Pharmacokinetics and microdistribution of polyethylene glycol-modified humanized A33 antibody targeting colon cancer xenografts Journal Article


Authors: Deckert, P. M.; Jungbluth, A.; Montalto, N.; Clark, M. A.; Finn, R. D.; Williams, C. Jr; Richards, E. C.; Panageas, K. S.; Old, L. J.; Welt, S.

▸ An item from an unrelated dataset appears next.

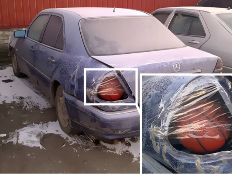 Das ist wohl der kreativste Versuch, ein kaputtes Rücklicht zu „reparieren“. Rotes Klebeband kennt man, doch diese Lösung geht noch einen Schritt weiter. Eine rote Plastikflasche bedeckt zwar die Öffnung, wird aber als Bremslicht kaum funktionieren. Eher stiftet sie Verwirrung bei anderen Verkehrsteilnehmern.

Article Title: Pharmacokinetics and microdistribution of polyethylene glycol-modified humanized A33 antibody targeting colon cancer xenografts
Abstract: Therapeutic proteins have been conjugated with polyethylene glycol (PEGylation) to reduce immunogenicity and enhance circulating dose. Here we have investigated the effect of PEGylation on immunogenicity, pharmacokinetics, and histologic microdistribution of tumor-targeting antibodies with humanized A33 antibody (huA33) as a model system. Conjugation of huA33 with methoxy-PEG of M(r) 5,000 (32%-34% of primary amines modified) or M(r) 20,000 (16%-18% modification) preserved >50% of native huA33 binding to SW1222 colon cancer cells. In mice, both PEGylated forms cleared from serum moderately slower than native huA33. After repeated immunization with PEG-huA33, anti-antibody titers in immunocompetent mice were <5% of those in huA33-treated controls. Both PEG-huA33 forms reached approx. 75% of the maximum tumor dose of huA33 in SW1222-xenografted mice, but their tumor:blood ratios were considerably reduced. To demonstrate immunologic specificity of PEG-huA33 targeting in SW1222 tumor-bearing mice, antigenic sites were presaturated by injecting excess native huA33. This reduced subsequent uptake of PEG-huA33 by up to 80%, whereas presaturation with hu3S193 control antibody had no significant effect. To assess the microdistribution of antibody uptake in the same xenograft model, tumor tissue resected at different time points after antibody administration was examined for human IgG by immunohistochemistry. Both PEG preparations achieved the same peak staining intensity and homogeneity as native huA33 with a delay of several hours. Given the measured reduction in immunoreactivity in vitro, these results demonstrate that the tumor targeting potential of huA33 in vivo is preserved at PEGylation levels sufficient to suppress immunogenicity. (C) 2000 Wiley-Liss, Inc.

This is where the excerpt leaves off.